* [Data supplied]
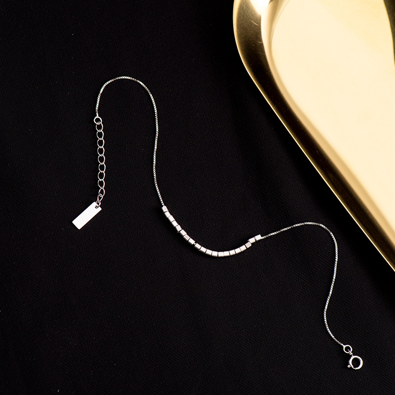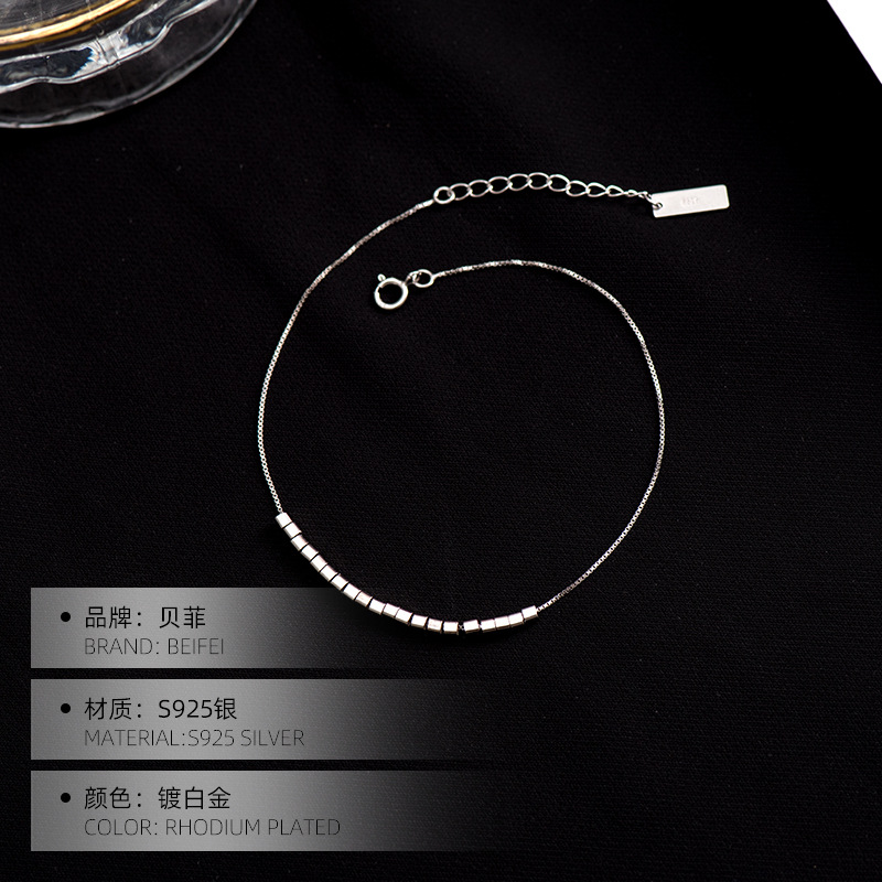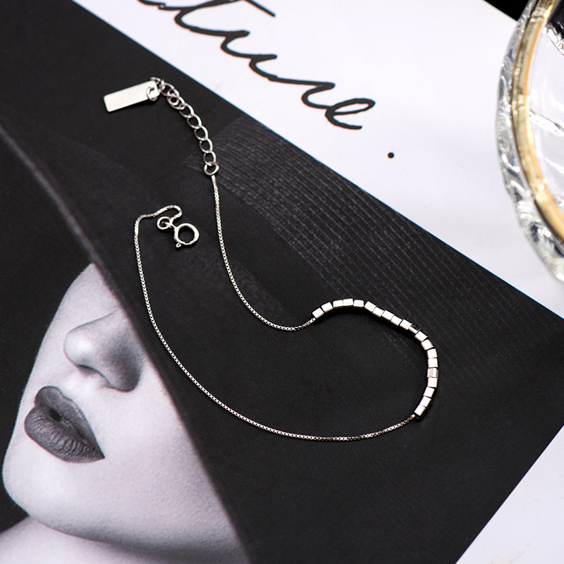S925纯银高级感小方块脚链女夏新款潮轻奢小众ins冷淡风脚饰
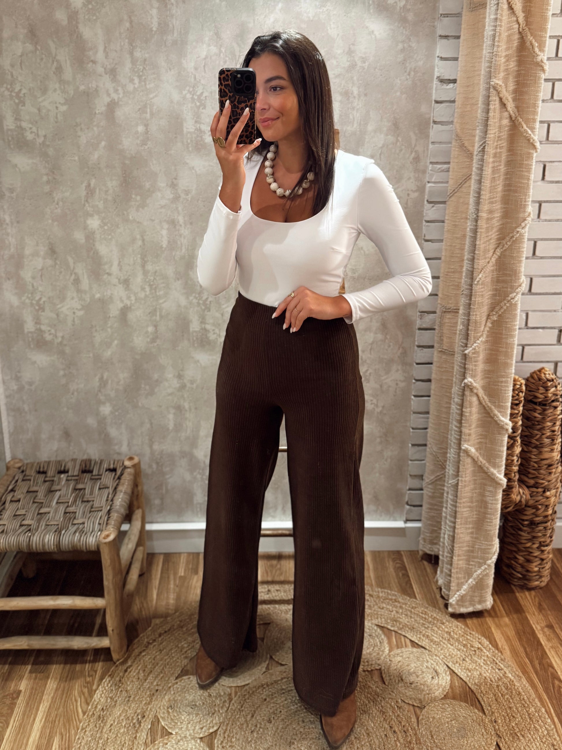 Calça pantalona bombazina aveludada, com um toque suave e elegante. O tecido aveludado confere sofisticação e conforto, enquanto o corte largo oferece liberdade de movimento e um look moderno.
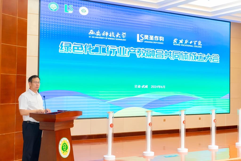 6月21日,绿色化工行业产教融合共同体成立大会在武威职业学院举行,我校当选为副理事长单位。此次大会由内蒙古灵圣作物科技有限公司、西安科技大学和武威职业学院牵头,联合科研院所、本科院校、中高职院校、行业协会及上下游企业等52家单位共同成立。
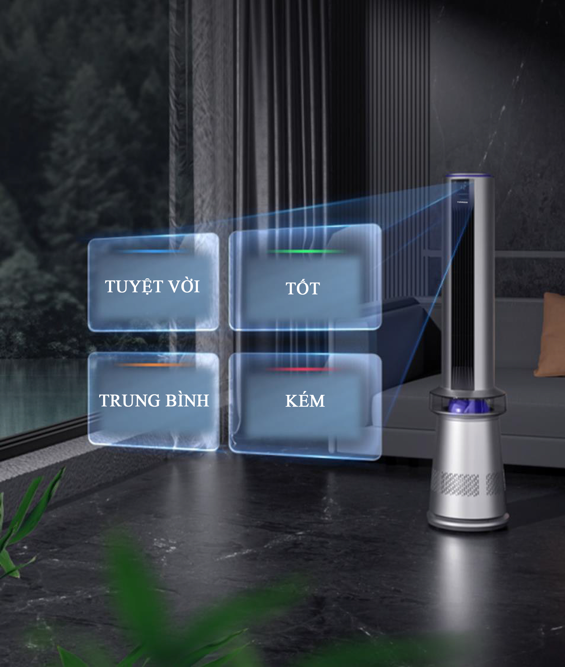 Quạt tháp kèm lọc không khí 2 trong 1 sử dụng bốn mùa.
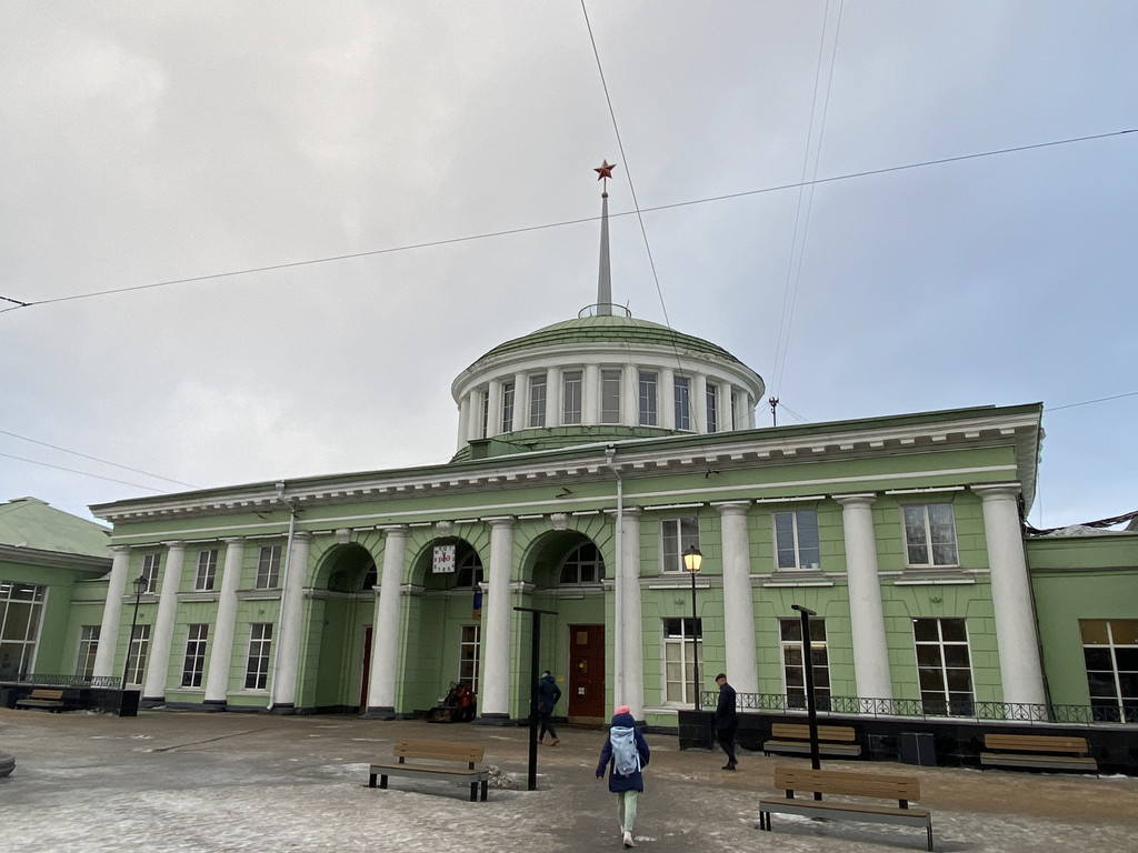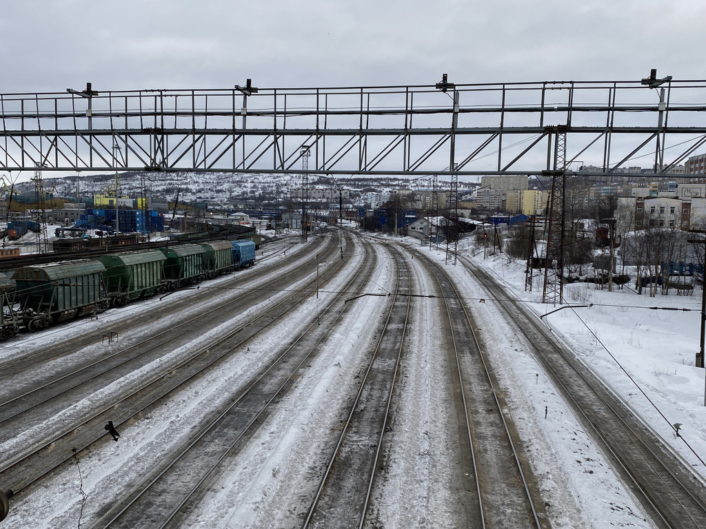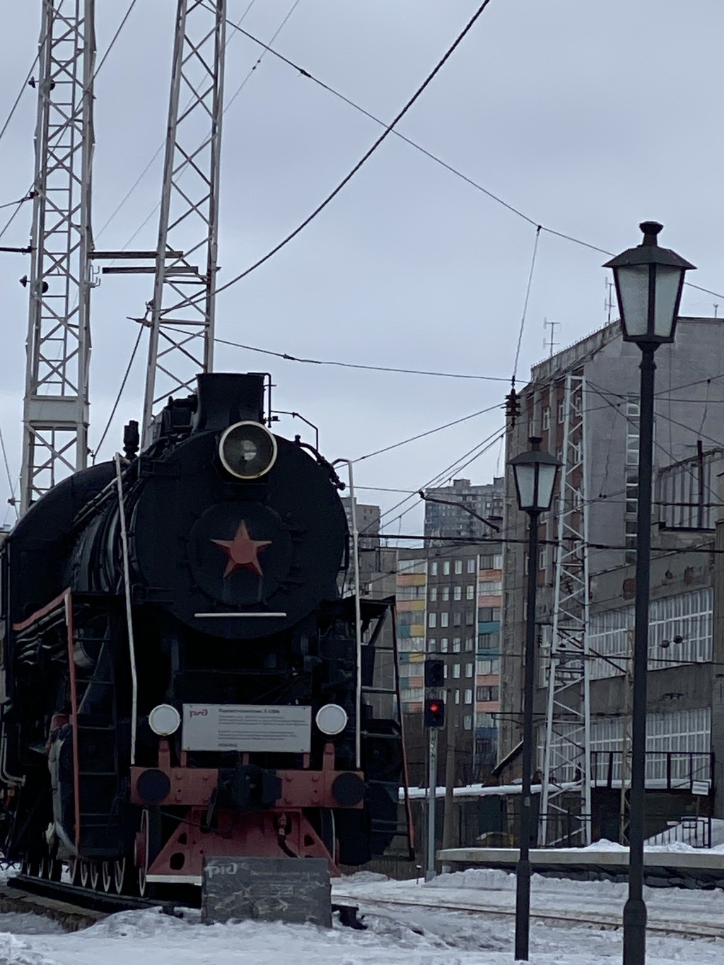 2/9由于捷里持续封路无法成行,所以我们在摩尔曼斯克的行程就延长了,安排变得宽松了许多。摩尔曼斯克城市很小,市中心就在火车站和最北麦当劳附近的广场区域,主要景点也非常集中,基本步行可达。一早去广场旁的银行换了些钱后就直接去逛火车站。摩尔曼斯克火车站是一绿色穹顶建筑,进站很方便,过安检后即使没买火车票也能自由进出,甚至可以直接穿行到月台。火车站并不大,候车大厅里有俄铁的售票窗口,这里始发的北极星号列车开往圣彼得堡、莫斯科等大城市。火车站内有一座天桥,横跨在多条铁轨线上,蜿蜒的铁轨通向远方。进出的既有客运车,也有货运列车,货运列车直接从附近的港口运送货物至全国各地。有根轨道上还停驻着一台老式的火车头,估计是供纪念用的。俯瞰列车进出站,感觉回到了国内县城火车站和绿皮车的年代。
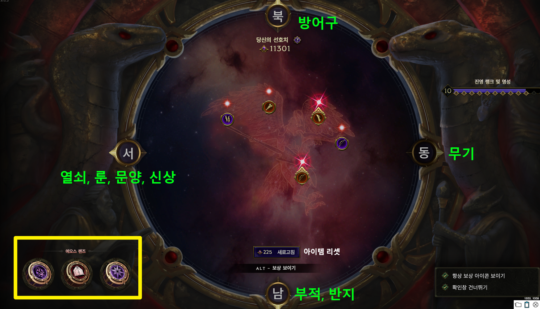 렌즈는 진영 레벨에 따라 최대 3개까지 장착 가능합니다. 아래 3종의 렌즈를 추천합니다
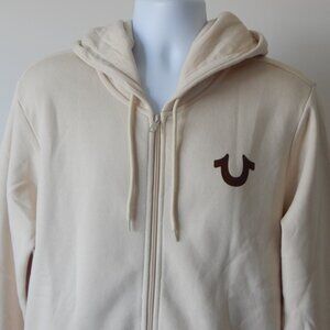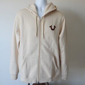 True Religion Men’s Solid SRS Full Zip Fleece Hoodie Jacket Light Beige LRG NWT
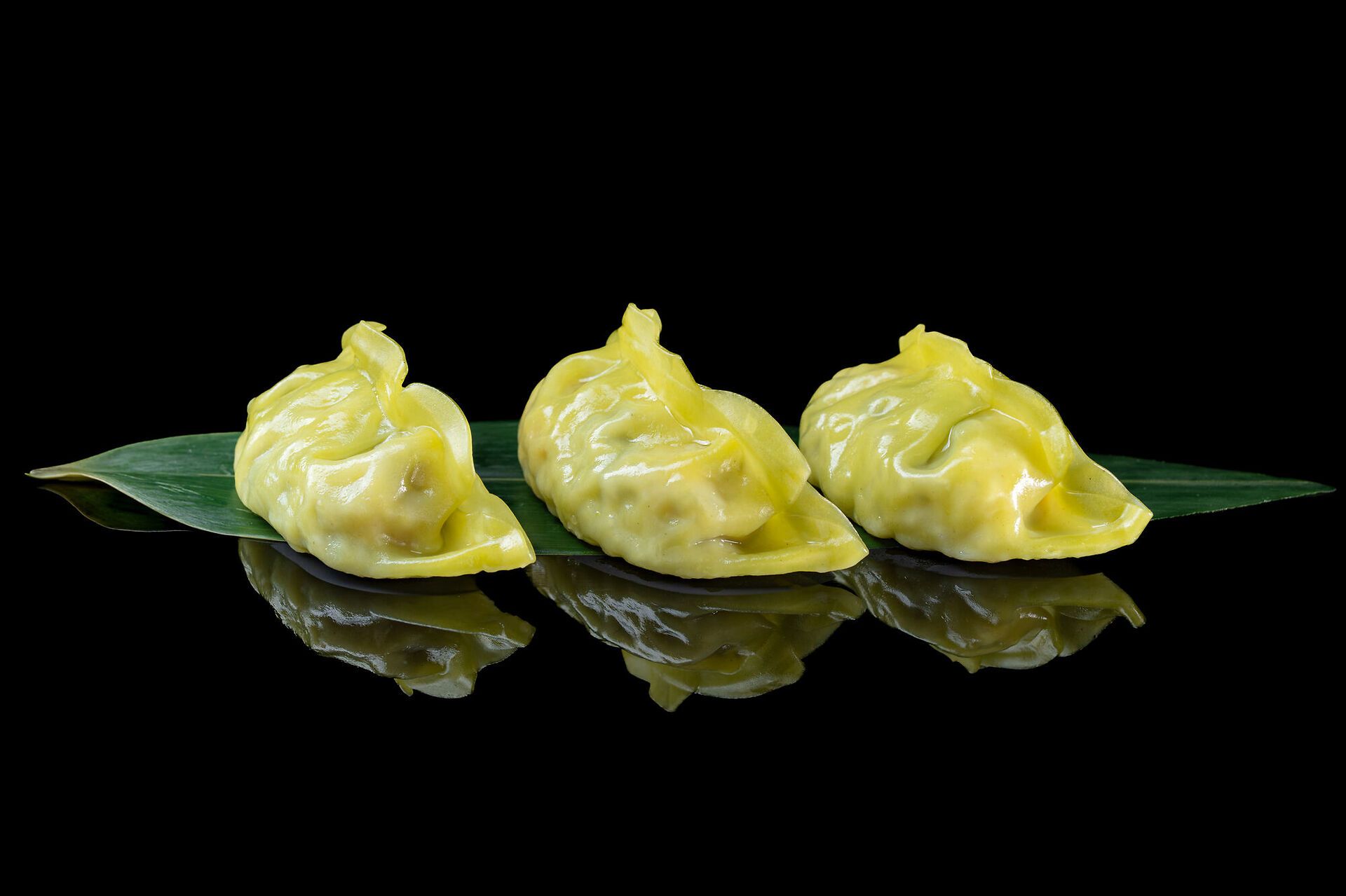 Ravioli al vapore realizzati con pasta agli spinaci e ripieni di verdure
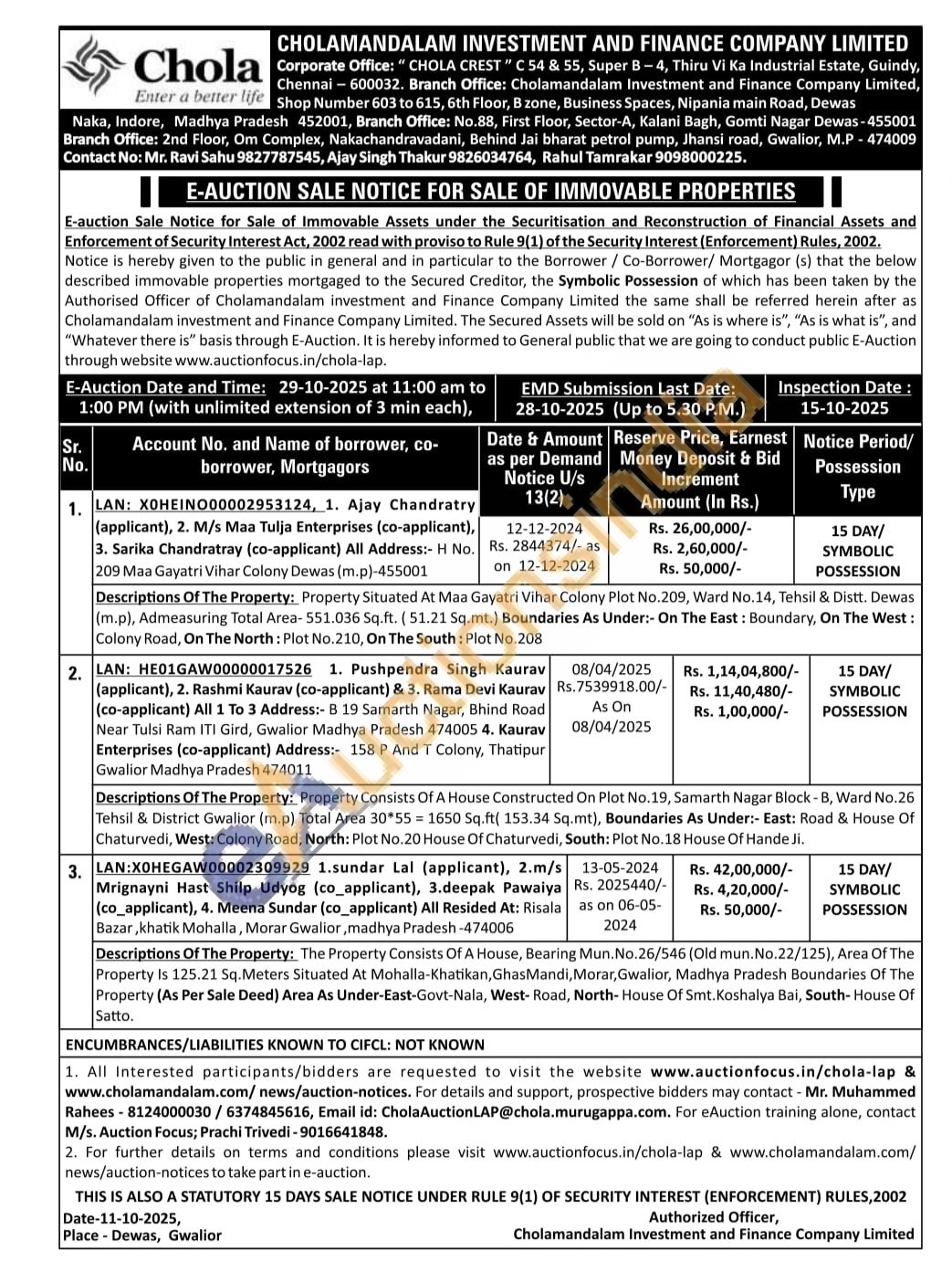 Descriptions Of The Property: The Property Consists Of A House, Bearing Mun. No.26/546 (Old mun. No.22/125), Area Of The Property Is 125.21 Sq.Meters Situated At Mohalla-Khatikan, GhasMandi, Morar, Gwalior, Madhya Pradesh Boundaries Of The Property (As Per Sale Deed) Area As Under-East-Govt-Nala, West-Road, North-House Of Smt. Koshalya Bai, South- House Of Satto.
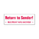 Este sencillo diseño de sello de goma incluye los mensajes "¡Regresar al remitente!" y "~ RECIPIENT SE HA MOVIDO ~". Podría utilizarse para indicar que el correo postal recibido se ha entregado a la dirección equivocada y debe devolverse al remitente.
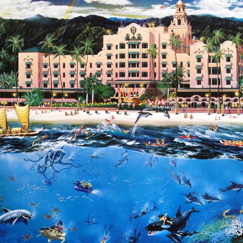 Alexander Chen creates stunningly detailed masterpieces filled with elaborate icons and a touch of fantasy. "Waikiki Beach" is a limited edition offset lithograph on paper by Alexander Chen, numbered and hand signed by the artist. Includes Certificate of Authenticity! Measures approx. 17.5" x 23.5" (with border), 15" x 21" (image).
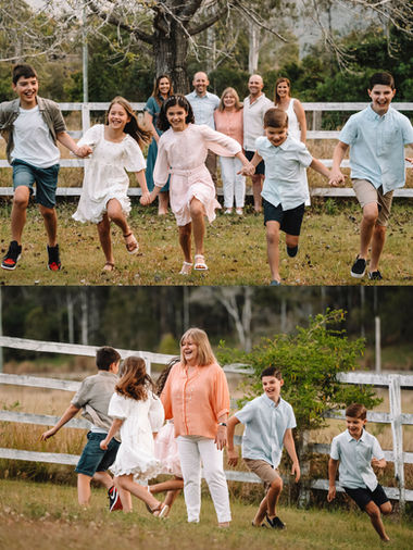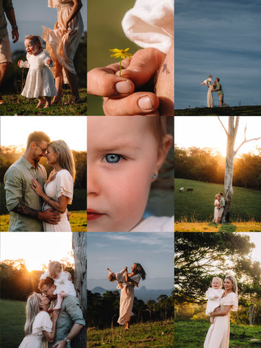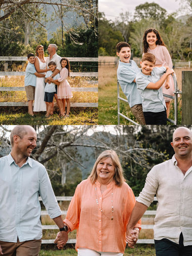 The Highvale location is set on a beautiful 60-acre property that once operated as a dairy farm, though it no longer functions as one today. The land offers breathtaking views overlooking Mount Nebo and Mount Glorious, with sunsets casting a golden glow over the cows and occasionally agitated horses roaming the paddocks. For the more adventurous families with a 4WD, we can explore different spots around the property to add variety and diversity to your session, especially if you've had a photo shoot here with me before.
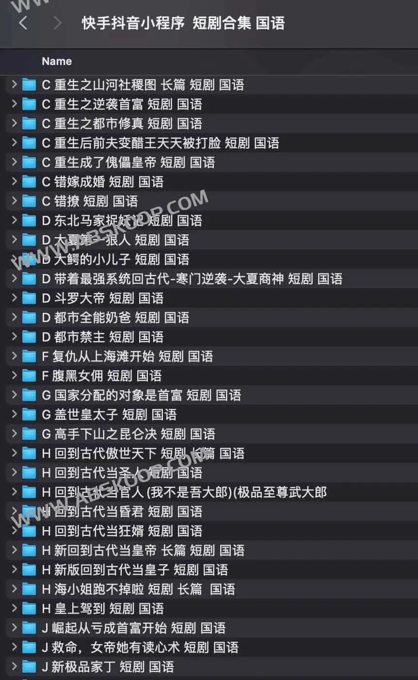 快手抖音小程序 热门爽文短剧合集 国语,按照字母排序打包整理,阿里云盘和夸克网盘资源下载。
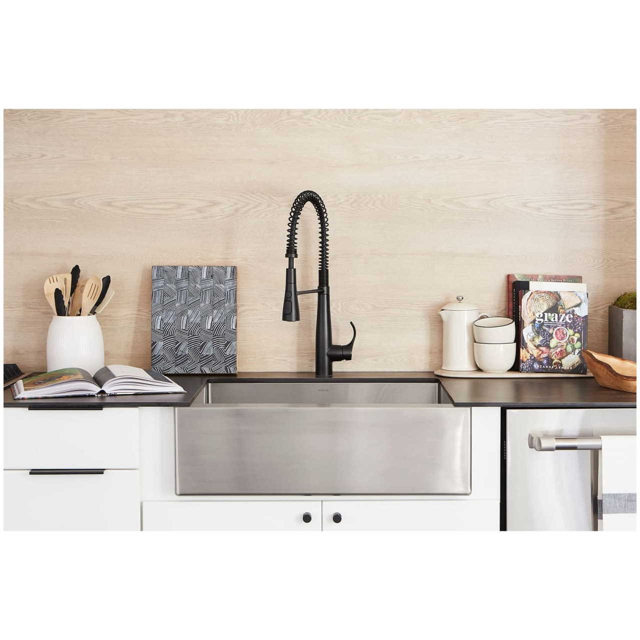 Kohler Simplice 1.5 GPM Single Hole Pre-Rinse Pull Down Kitchen Faucet - Includes Escutcheon - Matte Black

* [Exercise prompt]
Would you restate, exactly and with no pictures, the lines of the entries above from the one containing "Descriptions Of The" through the one containing "Este sencillo diseño"?

* [Result of the exercise]
 Descriptions Of The Property: The Property Consists Of A House, Bearing Mun. No.26/546 (Old mun. No.22/125), Area Of The Property Is 125.21 Sq.Meters Situated At Mohalla-Khatikan, GhasMandi, Morar, Gwalior, Madhya Pradesh Boundaries Of The Property (As Per Sale Deed) Area As Under-East-Govt-Nala, West-Road, North-House Of Smt. Koshalya Bai, South- House Of Satto.
 Este sencillo diseño de sello de goma incluye los mensajes "¡Regresar al remitente!" y "~ RECIPIENT SE HA MOVIDO ~". Podría utilizarse para indicar que el correo postal recibido se ha entregado a la dirección equivocada y debe devolverse al remitente.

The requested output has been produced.